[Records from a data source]
.....
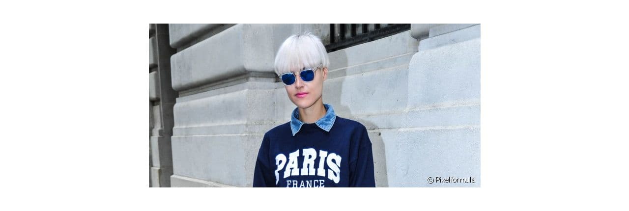 Sa coiffure ? Une coupe au bol sur des cheveux blond polaire. Notre streetstyle du jour, avec ses cheveux fins, a eu envie d’une coupe pleine d’audace pour renforcer son style aussi urbain qu’audacieux. Loin de la coupe au bol que les garçons affichaient à l’école primaire, celle qu’il faut afficher aujourd’hui est plus longue et vous offre la possibilité d’avoir une frange. Pour une coupe au bol sublimée, il faudra la porter avec les extrémités arrondies. Pour cela, travaillez votre chevelure au fer à lisser puis avec une pâte sculptante pour créer cet effet.
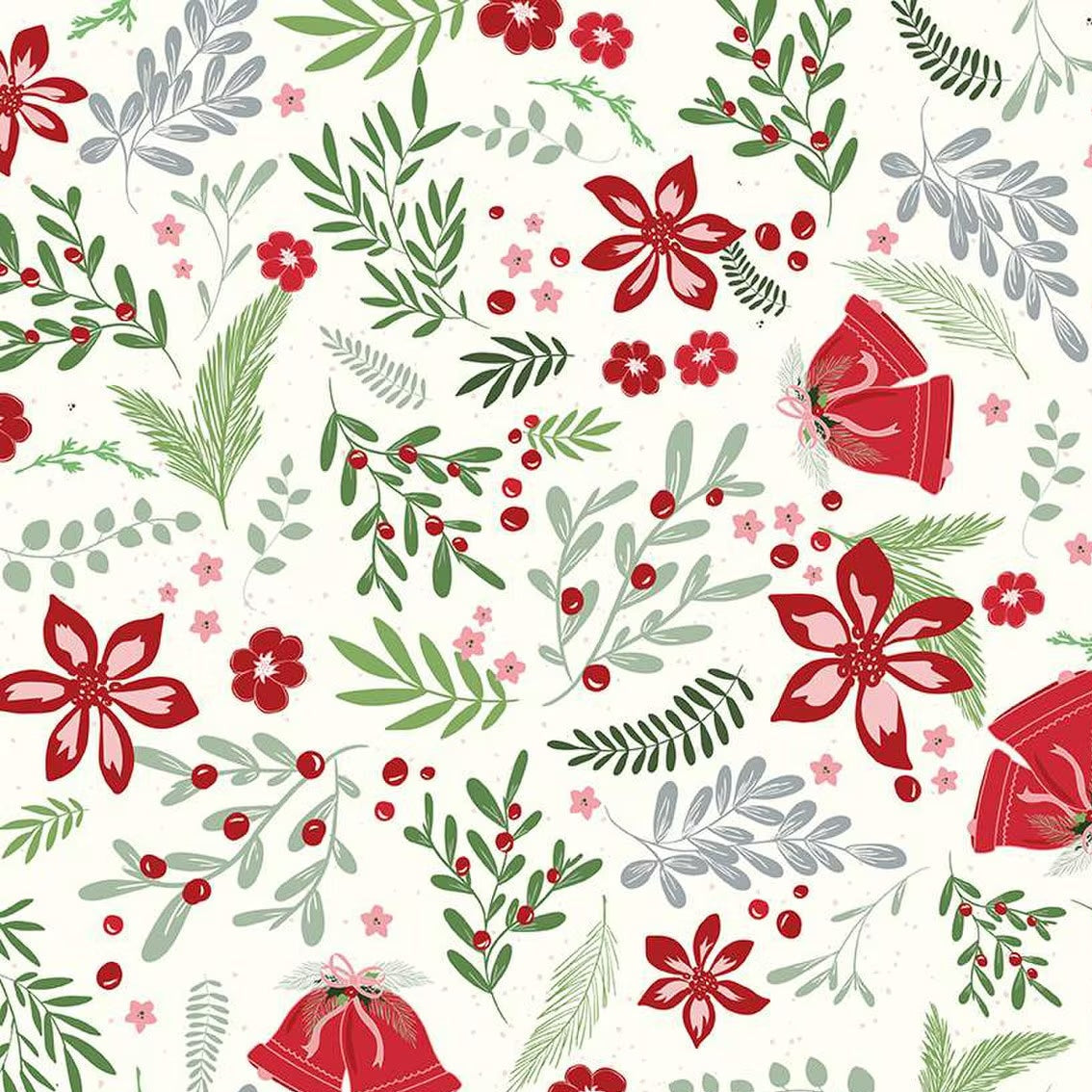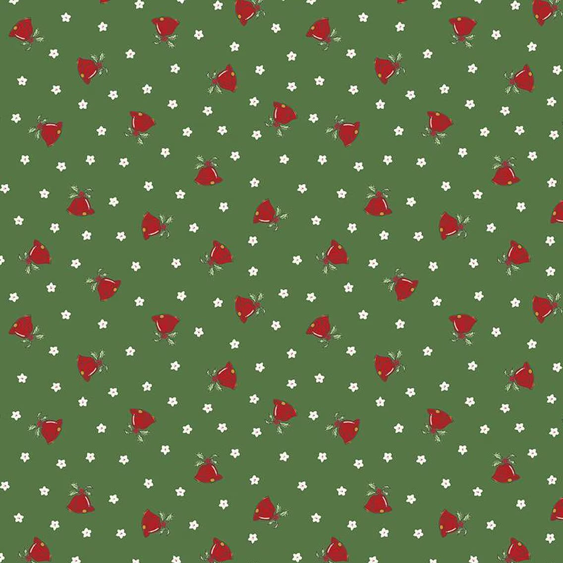 Mistletoe & Holly Mistle Scattered Bells Clover C16404-CLOVER by Beverly McCullough for Riley Blake Designs -Sold in 1/2 Yard Increments
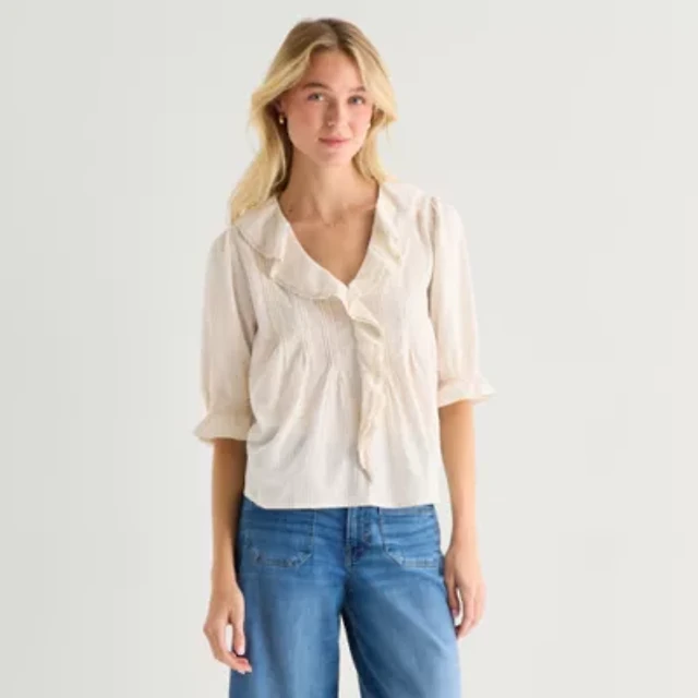 Liz Claiborne Womens Round Neck Short Sleeve Blouse
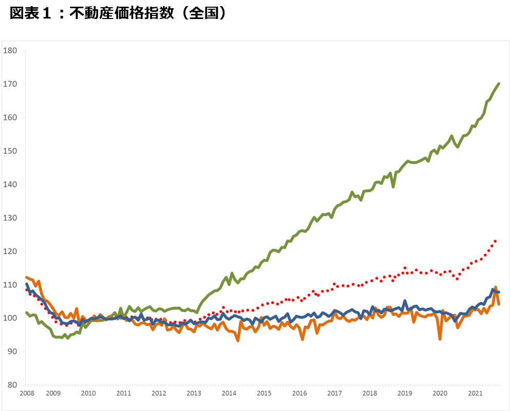 「東京オリンピックが終わると不動産価格が下がる」と言われたこともありました。また新型コロナウイルス感染拡大が、不動産価格にどう影響しているのか気になる人も多いのではないかと思います。そこで国土交通省から発表されている「不動産価格指数」の推移を見ることにします(図表1)。
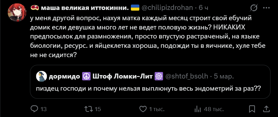 А еще меня поражает, как Пиздяна постоянно про свои месячные пишет. Про циклы, овуляцию, ПМС, кровь из пизды, боли и прочее. Она хочет всех и в себя в первую очередь убедить что еще климакс не начался и она фертильная? Бабе 40 лет, не 12. Уже пора давно привыкнуть ко всему. Вот пиздец будет когда климакс реально начнется. Там вообще перестройка гормональная будет организма с приливами, болями и шизой.
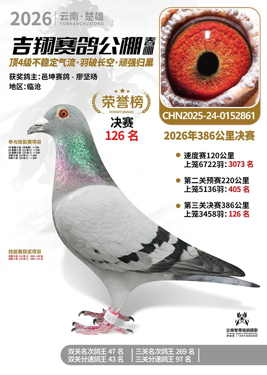 楚雄吉翔公棚(春棚)2026年386公里决赛获奖鸽欣赏
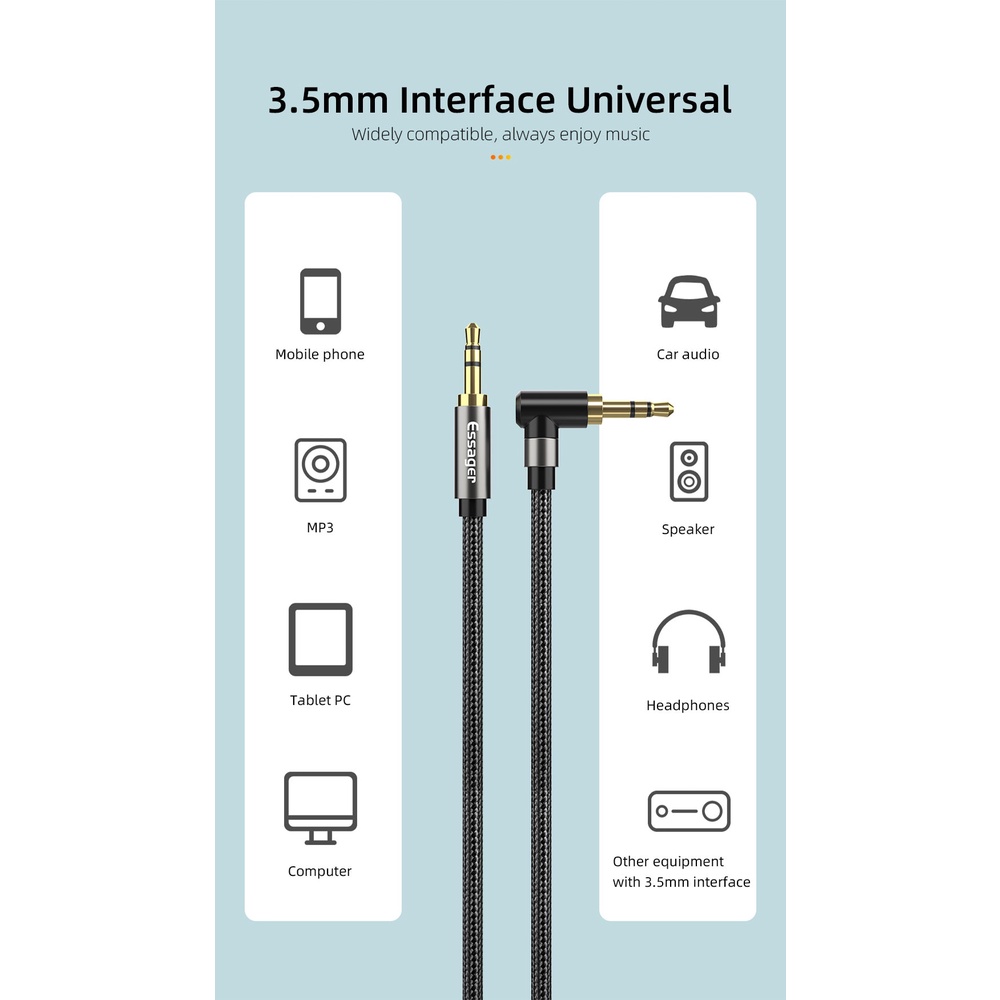Essager AUX15 3.5mm Jack AUX Cable Cord Male to male Aux Audio Cable Jack Microphone for Speaker Degree Right Angle Audio Cable for Car Headphone MP3/4
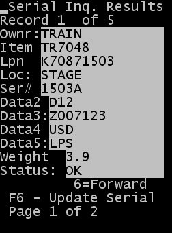 El operador de RF que trabaja en el almacén tiene la oportunidad de consultar información específica de stock para los números de serie. Esta información se puede presentar en forma de una vista de lista en la que aparecen varios registros o bien en una única vista de pantalla en la que se muestra más información acerca de uno de los registros.
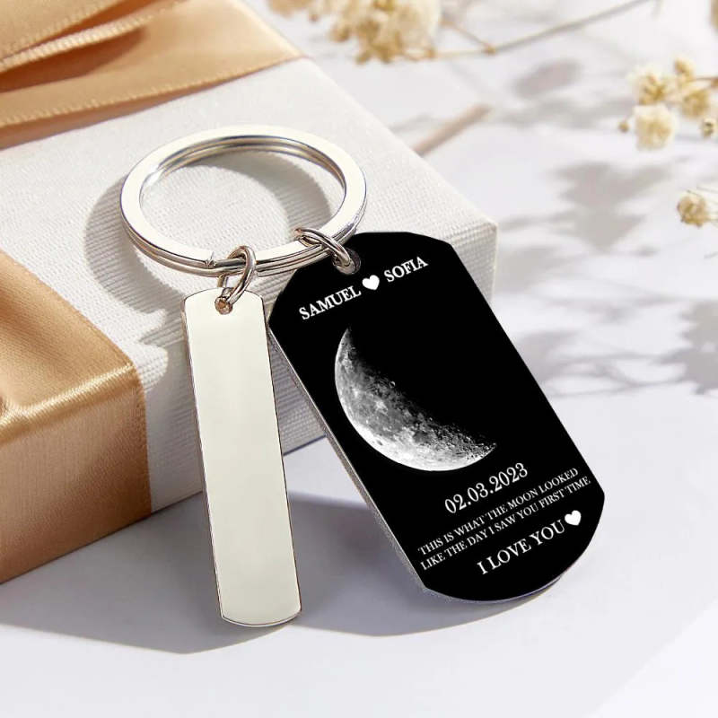 Custom Moon Phase Tag Keychain Personalized Spotify Custom Picture & Music Song Code Couples Photo Keyring Valentine's Day Gift
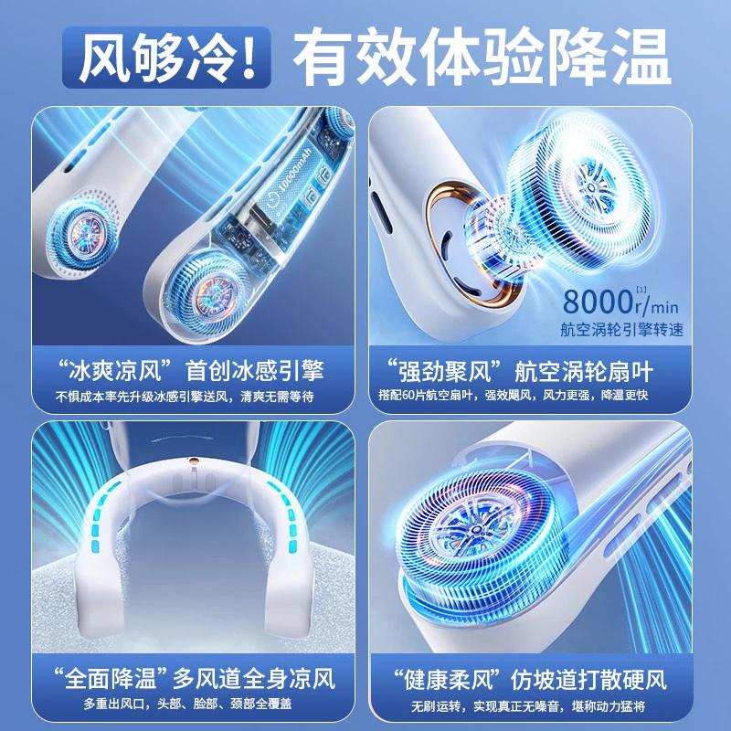 2025新款挂脖式小风扇可充电学生上课懒人随身携带挂颈上降温神器
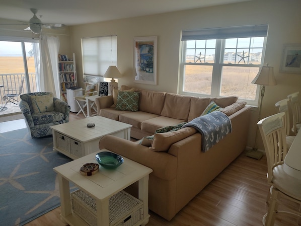 Enjoy breathtaking views of tidal wetlands, the Indian River Bridge and the bay from this amazing second floor end unit furnished condo in Bethany Bay. Bethany Bay is situated on the Indian River Bay and White Creek with water access for kayaking, canoeing, paddleboard and jet skis. The community also has a large outdoor pool, kiddie pool, tennis, pickleball, basketball, walking trails, 9 hole par 3 golf course (pay to play) and so much more. You will love the natural setting and the beautiful sunrises and sunsets plus enjoy the blue herons, egrets, deer and more. The condo is sun filled, bright and cheery with extra windows. You will find a large eat-in kitchen with white cabinetry and appliances, a spacious dining/living room with an electric fireplace, a great place to entertain or take a nap, a primary bedroom with a full bath and a guest bedroom with its own bath. You will enjoy sunsets on the front deck and early sunrises, water and wildlife views on the rear screened porch. Please checkout this fabulous condo today! Contact us for off-season rentals of a minimum 3 night stay with flexible begin and end dates.
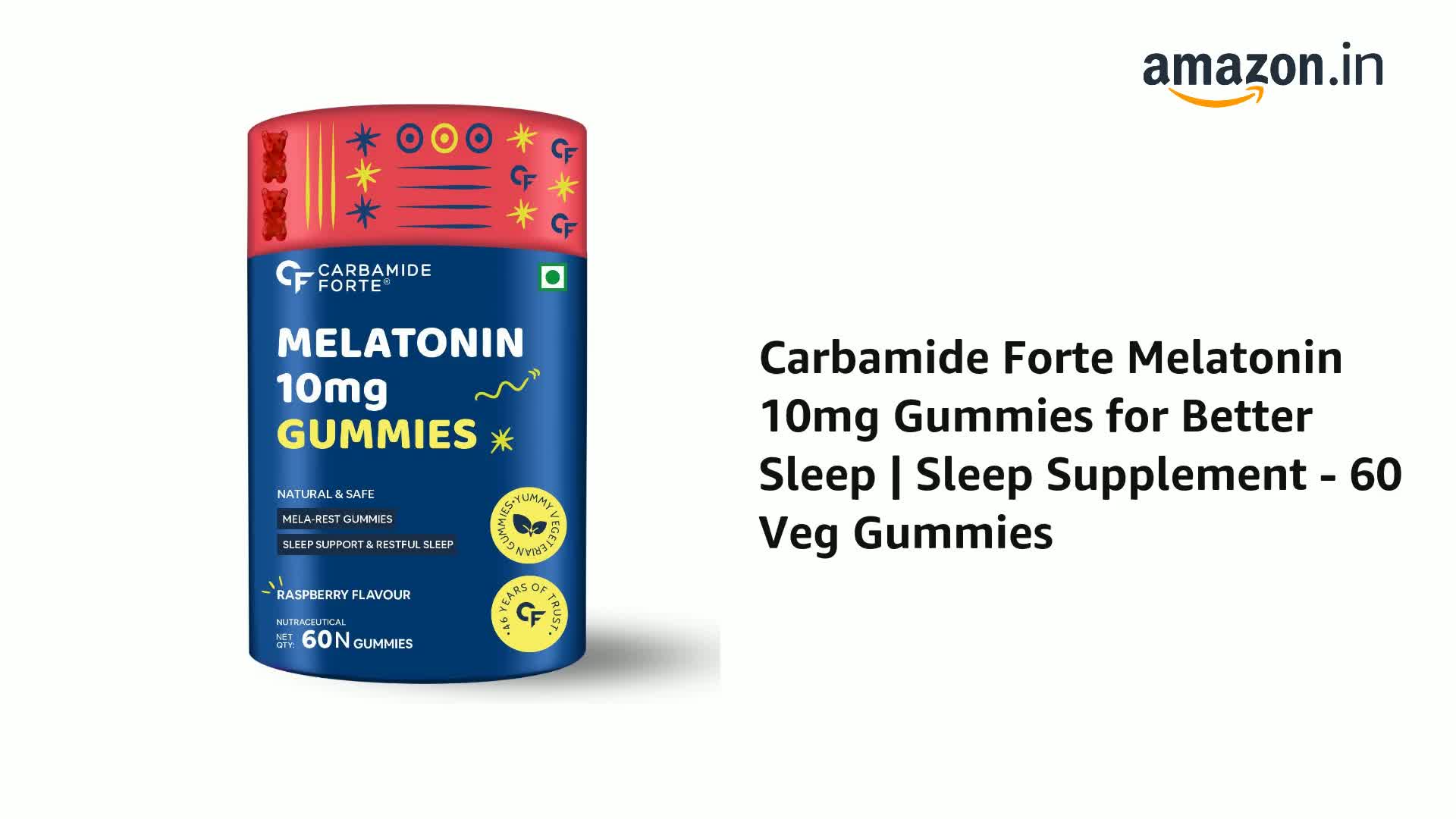 Carbamide Forte Melatonin 10mg Gummies for Better Sleep | Sleep Supplement - 60 Veg Gummies
.....
### Aim of the task:
The answer should hold every entry exactly as given and no pictures at all.

### Answer for the task:
 Sa coiffure ? Une coupe au bol sur des cheveux blond polaire. Notre streetstyle du jour, avec ses cheveux fins, a eu envie d’une coupe pleine d’audace pour renforcer son style aussi urbain qu’audacieux. Loin de la coupe au bol que les garçons affichaient à l’école primaire, celle qu’il faut afficher aujourd’hui est plus longue et vous offre la possibilité d’avoir une frange. Pour une coupe au bol sublimée, il faudra la porter avec les extrémités arrondies. Pour cela, travaillez votre chevelure au fer à lisser puis avec une pâte sculptante pour créer cet effet.
 Mistletoe & Holly Mistle Scattered Bells Clover C16404-CLOVER by Beverly McCullough for Riley Blake Designs -Sold in 1/2 Yard Increments
 Liz Claiborne Womens Round Neck Short Sleeve Blouse
 「東京オリンピックが終わると不動産価格が下がる」と言われたこともありました。また新型コロナウイルス感染拡大が、不動産価格にどう影響しているのか気になる人も多いのではないかと思います。そこで国土交通省から発表されている「不動産価格指数」の推移を見ることにします(図表1)。
 А еще меня поражает, как Пиздяна постоянно про свои месячные пишет. Про циклы, овуляцию, ПМС, кровь из пизды, боли и прочее. Она хочет всех и в себя в первую очередь убедить что еще климакс не начался и она фертильная? Бабе 40 лет, не 12. Уже пора давно привыкнуть ко всему. Вот пиздец будет когда климакс реально начнется. Там вообще перестройка гормональная будет организма с приливами, болями и шизой.
 楚雄吉翔公棚(春棚)2026年386公里决赛获奖鸽欣赏
Essager AUX15 3.5mm Jack AUX Cable Cord Male to male Aux Audio Cable Jack Microphone for Speaker Degree Right Angle Audio Cable for Car Headphone MP3/4
 El operador de RF que trabaja en el almacén tiene la oportunidad de consultar información específica de stock para los números de serie. Esta información se puede presentar en forma de una vista de lista en la que aparecen varios registros o bien en una única vista de pantalla en la que se muestra más información acerca de uno de los registros.
 Custom Moon Phase Tag Keychain Personalized Spotify Custom Picture & Music Song Code Couples Photo Keyring Valentine's Day Gift
 2025新款挂脖式小风扇可充电学生上课懒人随身携带挂颈上降温神器
 Enjoy breathtaking views of tidal wetlands, the Indian River Bridge and the bay from this amazing second floor end unit furnished condo in Bethany Bay. Bethany Bay is situated on the Indian River Bay and White Creek with water access for kayaking, canoeing, paddleboard and jet skis. The community also has a large outdoor pool, kiddie pool, tennis, pickleball, basketball, walking trails, 9 hole par 3 golf course (pay to play) and so much more. You will love the natural setting and the beautiful sunrises and sunsets plus enjoy the blue herons, egrets, deer and more. The condo is sun filled, bright and cheery with extra windows. You will find a large eat-in kitchen with white cabinetry and appliances, a spacious dining/living room with an electric fireplace, a great place to entertain or take a nap, a primary bedroom with a full bath and a guest bedroom with its own bath. You will enjoy sunsets on the front deck and early sunrises, water and wildlife views on the rear screened porch. Please checkout this fabulous condo today! Contact us for off-season rentals of a minimum 3 night stay with flexible begin and end dates.
 Carbamide Forte Melatonin 10mg Gummies for Better Sleep | Sleep Supplement - 60 Veg Gummies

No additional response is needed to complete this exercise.